TASK DIRECTIONS
Only a verbatim restatement of the lines from the one with "소쿠리밥상에서 식사하면 아메리카노가" through the end of the listing below is wanted. Pictures should be left out.

GIVEN DATA
━━━━━━━━━━

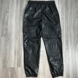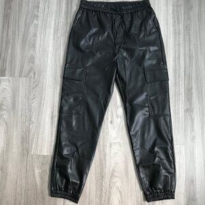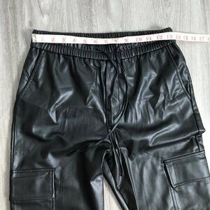 Zara Faux Leather Jogger Pant Black Pockets Drawstring Elastic Waist Womens S
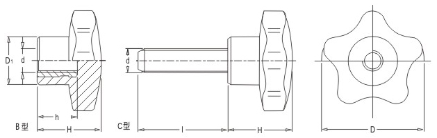 JS.102007 五星把手 顏色:亮光黑 材質(zhì):酚醛樹脂(膠木) 用途:適用于各類機(jī)械裝備、五金工具、舞臺燈光設(shè)備等行業(yè) 特性:光澤感強(qiáng)、外形美觀、機(jī)械強(qiáng)度高、堅固耐用、標(biāo)準(zhǔn)化使用、安裝簡便。
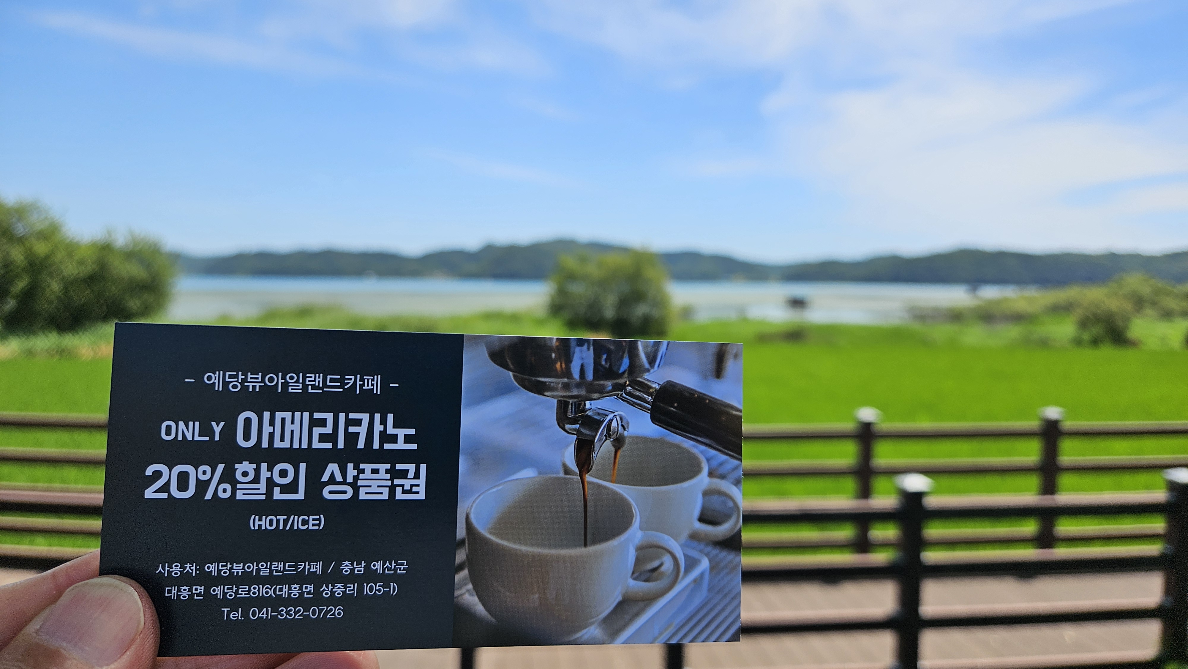 소쿠리밥상에서 식사하면 아메리카노가 20% 할인되는 데다가, 예당저수지 전망이 무척 좋아서 가지 않을 이유가 없었습니다.
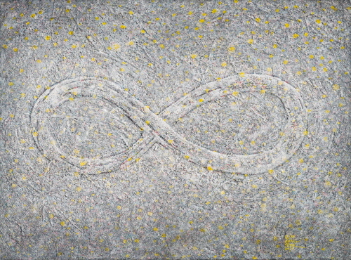 일수사견의 사전적 의미는 한 가지 물을 네 가지로 본다는 뜻으로, 같은 물이라도 다른 관점으로 볼 수 있음을 이르는 말이다. 즉, 세상은 있는 대로 보이는 게 아니라 보는 대로 존재하며, 보는 관점과 시점에 따라 생각과 해석(판단)의 가치 기준이 달라진다는 논리를 바탕으로 한 “일수사견(一水四見)”의 연작시리즈는 소통의 도구로서, 일상에서 흔히 사용하고 있는 다양한 기호들을 차용하여 상징과 기호로서의 언어와 소통을 시각적 회화(이미지)로 표현하고자 했다.

━━━━━━━━━━

PROBLEM SOLUTION
 소쿠리밥상에서 식사하면 아메리카노가 20% 할인되는 데다가, 예당저수지 전망이 무척 좋아서 가지 않을 이유가 없었습니다.
 일수사견의 사전적 의미는 한 가지 물을 네 가지로 본다는 뜻으로, 같은 물이라도 다른 관점으로 볼 수 있음을 이르는 말이다. 즉, 세상은 있는 대로 보이는 게 아니라 보는 대로 존재하며, 보는 관점과 시점에 따라 생각과 해석(판단)의 가치 기준이 달라진다는 논리를 바탕으로 한 “일수사견(一水四見)”의 연작시리즈는 소통의 도구로서, 일상에서 흔히 사용하고 있는 다양한 기호들을 차용하여 상징과 기호로서의 언어와 소통을 시각적 회화(이미지)로 표현하고자 했다.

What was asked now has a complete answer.